Engineering alcohol tolerance in yeast fermentations | AIChE

Engineering alcohol tolerance in yeast fermentations

Authors 

Lam, F. H., Massachusetts Institute of Technology

Ethanol toxicity in yeast Saccharomyces cerevisiae limits titer and productivity in industrial production of transportation bioethanol.  We show that strengthening the opposing potassium and proton electrochemical membrane gradients is a mechanism that enhances general resistance to ethanol.

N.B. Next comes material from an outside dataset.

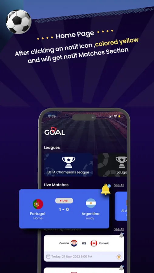 Don't miss a thing, our notification system keep you updated about live game scores instantaneously!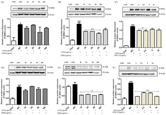 The MAPK signalling cascade is a key mediator of inflammatory responses in macrophages exposed to LPS stimulation. To further elucidate the molecular mechanism underlying the anti-inflammatory effects of Chamaecyparis obtusa–derived extracts, the effects of COD, COE, and CPE-1 on MAPK pathway activation were examined in LPS-stimulated RAW 264.7 cells. As shown in Figure 4, LPS treatment markedly enhanced the phosphorylation of ERK and JNK, confirming robust MAPK activation under inflammatory conditions. In contrast, treatment with all three extracts significantly attenuated this phosphorylation in a concentration-dependent manner (*** p < 0.001 vs. LPS). Specifically, CPE-1 exhibited the most pronounced inhibitory effect on both ERK (Figure 4A–C) and JNK (Figure 4D–F) phosphorylation, while COD and COE showed moderate but dose-dependent suppression of MAPK activation.

The same mechanism and protection method is also applicable to higher alcohols.  Elevation of extracellular potassium and pH physically bolster these gradients, increasing tolerance to higher alcohols and ethanol fermentation in commercial and laboratory strains (including a xylose-fermenting strain) under industrial-like conditions.  A key finding is that specific productivity (production per viable cell) remains largely unchanged with improvements deriving from heightened population viability. As such, yeast cultures remain highly (and equally) productive for as long as they stay viable.  Likewise, up-regulation of the potassium and proton pumps in the laboratory strain enhances performance to levels exceeding industrial strains.  Although genetically complex, alcohol tolerance can thus be dominated by a single cellular process, one controlled by a major physicochemical component but amenable to biological augmentation.